Deference for EPA’s Modeling. The Court further afforded deference to EPA’s use of models. Arguments that EPA failed to account for real-world data that contradicted its model’s air-quality projections did not persuade the D.C. Circuit that the Rule was inherently flawed. Neither did discrepancies identified by the Rule’s challengers between the model’s predictions and actual results. The Court observed that possible discrepancies between facts and projections are inherent in the use of predictive models.
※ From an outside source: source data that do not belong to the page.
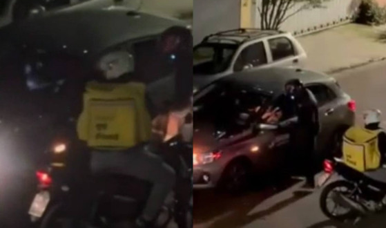 Assustada, a mulher revela a combinação, anotada pelo outro criminoso, que usa uma mochila de entrega nas costas. Em seguida, os dois assaltantes fogem, levando também um relógio e anéis da motorista.
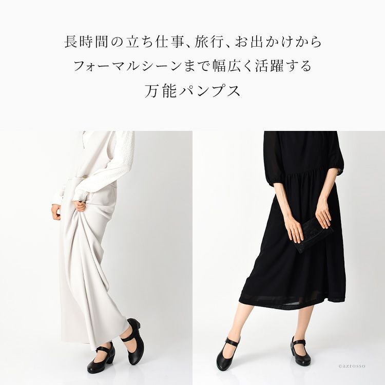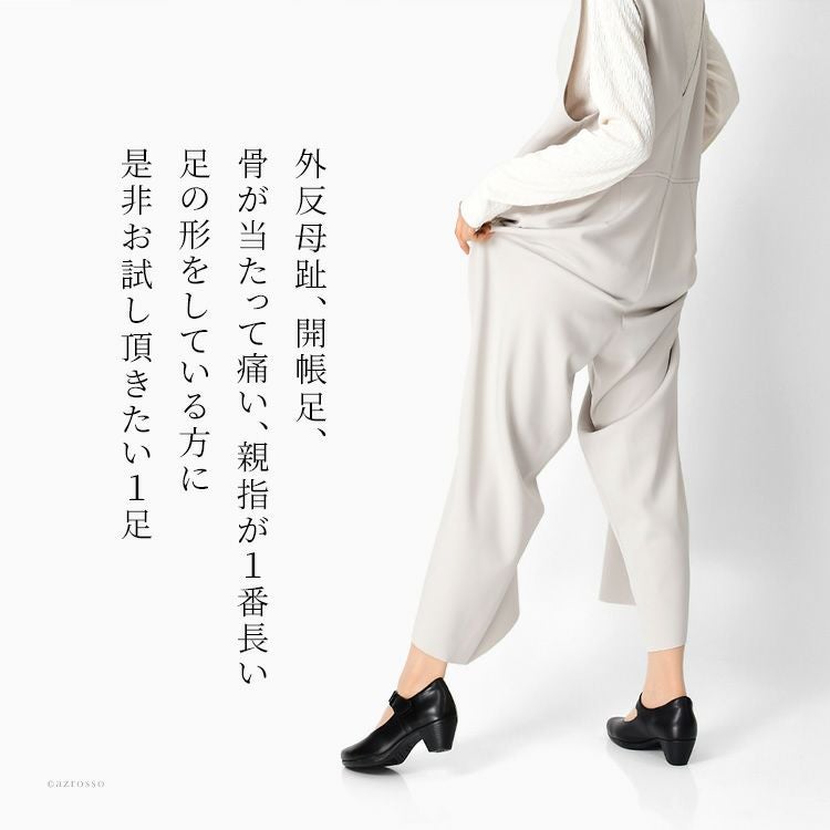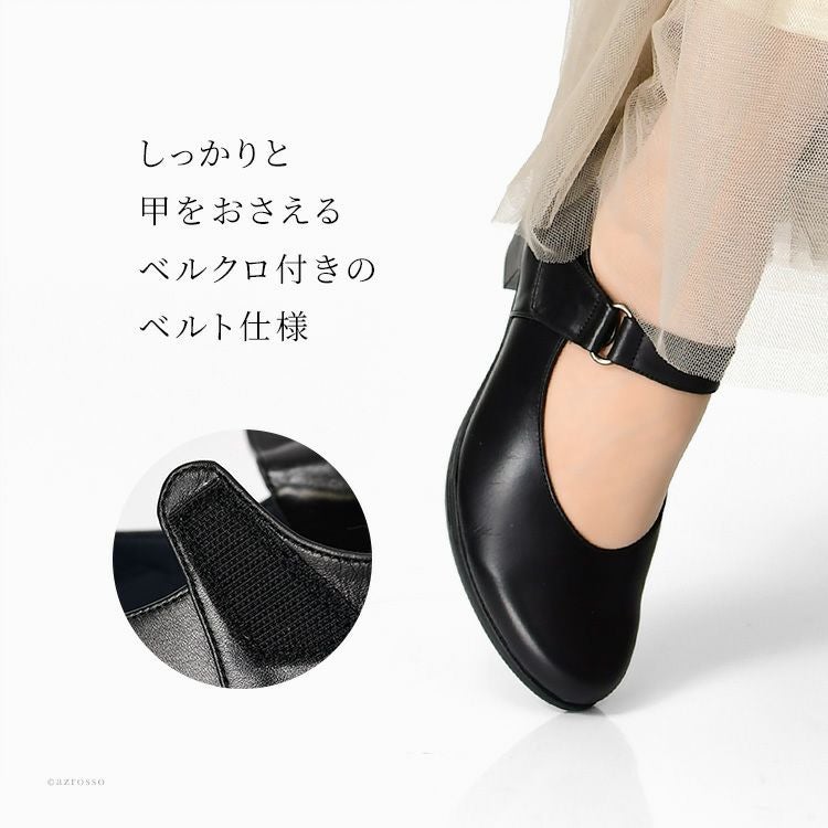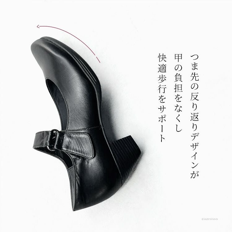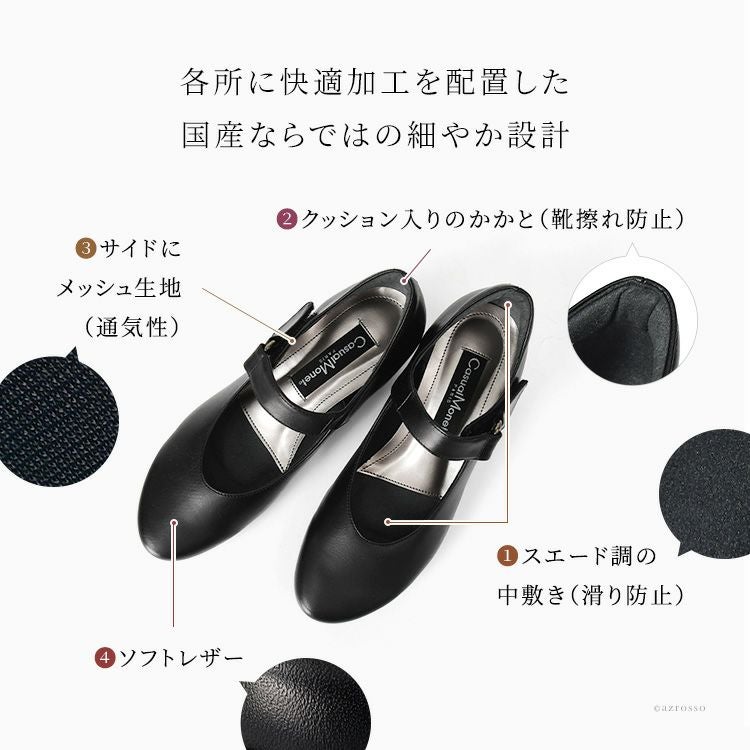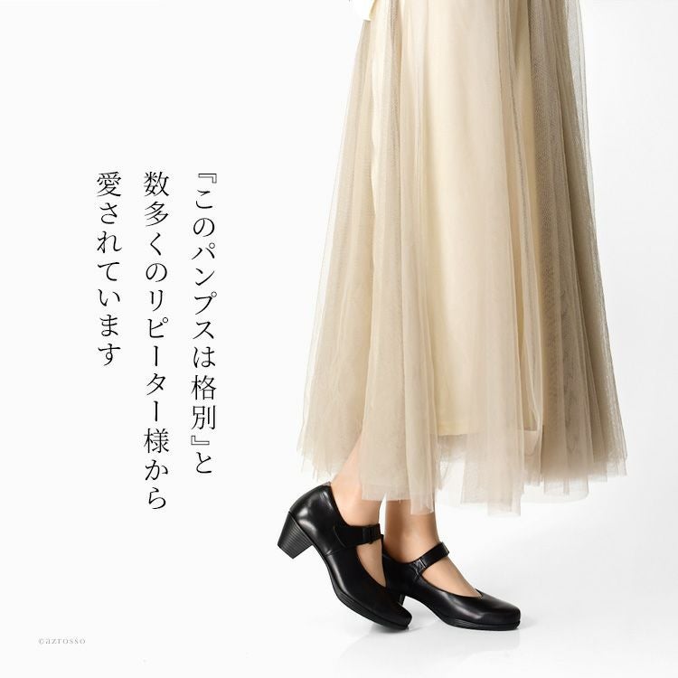 外反母趾さんも履きやすい幅広3E+オブリークトゥの日本製ストラップパンプス。5.5cmチャンキーヒールで安定感&スタイルアップ。長時間の立ち仕事やフォーマルまで重宝するブラックレザーパンプス「Monet モネ 8820」 本革 ストラップパンプス 5.5cm 太ヒール 日本製 3E 幅広 オブリークトゥ 履きやすい 外反母趾 痛くない 柔らかい モネ Monet レディース
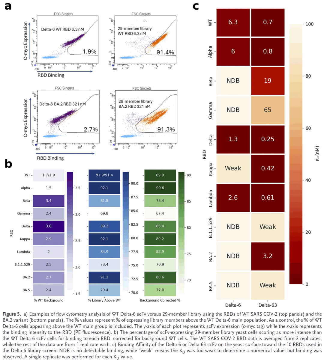 研究人员选择了对Delta变体RBD有有限亲和力的Delta-6抗体作为起点,利用RESP2进行单轮筛选和测序。结果发现了一种名为Delta-63的人源化抗体,对包括BA.2在内的多个RBD变体均展现出高亲和力,其中对BA.2的结合力达到纳摩尔级,而原始抗体几乎无结合活性。
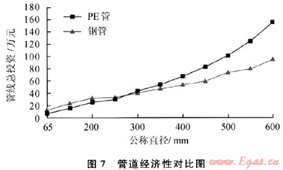 通過管徑與管線總投資關(guān)系的研究,當(dāng)采氣、集氣管道的公稱直徑小于等于200mm時(shí),采用PE管道,投資低;當(dāng)采氣、集氣管道的公稱直徑大于200mm時(shí),采用鋼制管道,投資低(圖7)。本示范工程中公稱直徑在200mm以下管線均采用PE100聚乙烯管線。
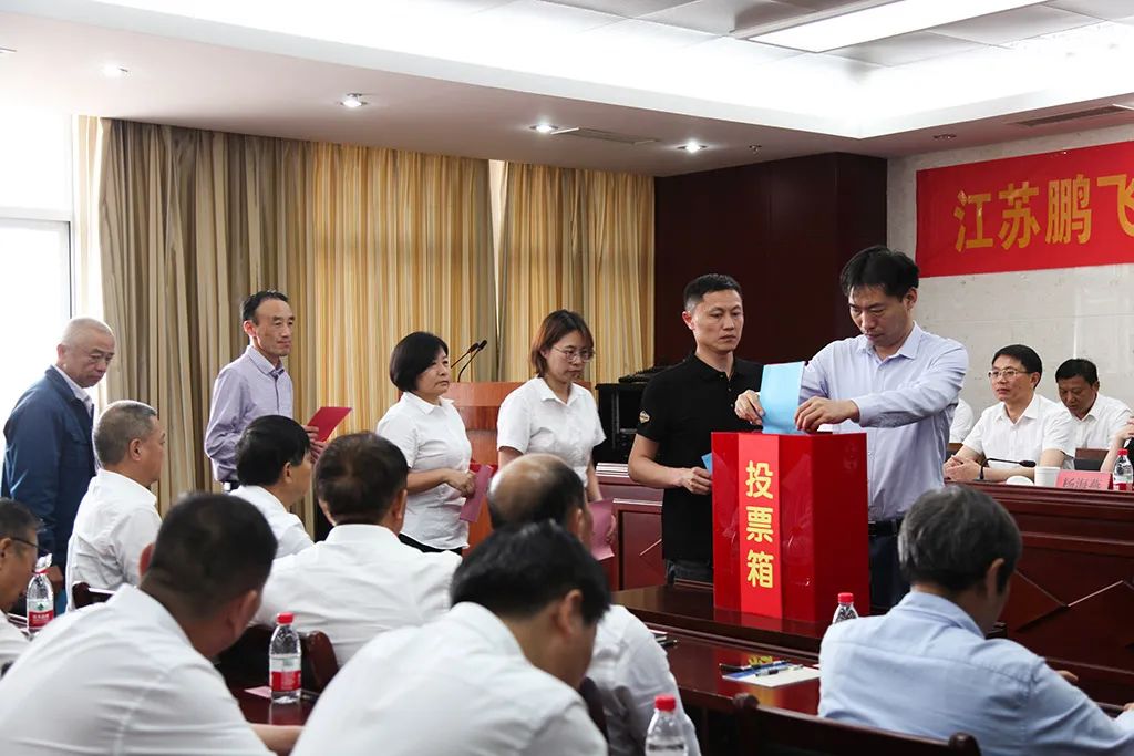 5月16日,江蘇鵬飛集團股份有限公司工會召開五屆一次會員代表大會,海安市總工會黨組書記、主席楊海燕,大公鎮黨委書記金山存,黨委副書記、工會主席閻超,鵬飛集團黨委書記、董事長王家安,副總經理施鵬宇出席會議。
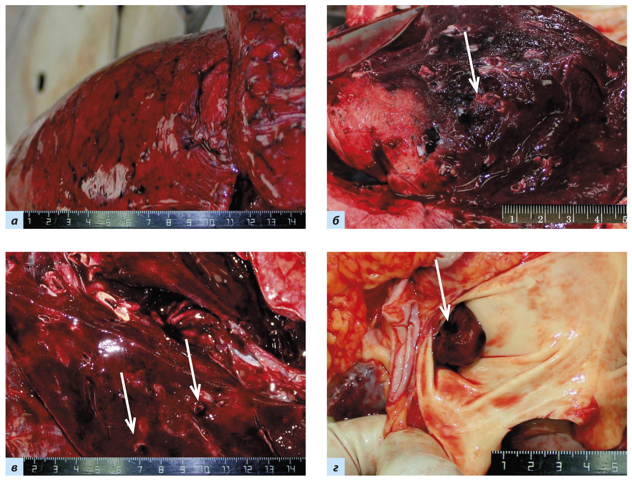 Рис. 4. Диффузное альвеолярное повреждение, экссудативная стадия: a — ткань лёгких диффузно уплотнена и практически безвоз- душна, на поверхности красного цвета, характерного «лакового» вида, с кровоизлияниями под плеврой; б, в — на разрезе красного и тёмно-вишнёвого цвета, с участками ателектазов, сливными кровоизлияниями и геморрагическими инфарктами; множественные пристеночные и обтурирующие тромбы ветвей лёгочных артерий и вен разного калибра (стрелки); г — тромбоэмбол в лёгочной артерии (стрелка)

The D.C. Circuit reiterated that it will reject EPA’s projections when “the model bears no rational relationship to the characteristics of the data to which it is applied,” a standard it did not find that petitioners met in this case.
Requiring Strict Adherence to Supreme Court Direction. The D.C. Circuit’s opinion repeatedly concluded that the Supreme Court’s interpretation of the Good Neighbor provision in this case precluded EPA’s defenses of its Rule in the D.C. Circuit. It even chided EPA for resisting the availability of as-applied challenges by “saying something to this Court that is in tension with, if not in contravention of, what the Deputy Solicitor General told the Supreme Court.” In mandating that EPA adhere to the Supreme Court’s “crystalline” holding in EME Homer, the D.C. Circuit’s opinion echoed other recent Supreme Court decisions affording less deference to EPA and other agencies on rulemakings of extraordinary economic and political significance. Such agency action may receive greater scrutiny in future judicial review before the D.C. Circuit.
Remand for “Prompt” Action. The court allowed the Rule to remain in place while EPA takes action to bring its budgets in compliance with this decision. Noting the prospect of significant disruption to emission-trading markets if portions of the Rule were immediately invalidated, the court remanded the Rule without vacating it. But, it did so with instructions for EPA not to drag its feet. The Court observed that it “expect[ed] and urge[d] EPA to move promptly on remand,” or otherwise petitioners “may promptly bring suit” for EPA’s failure to perform.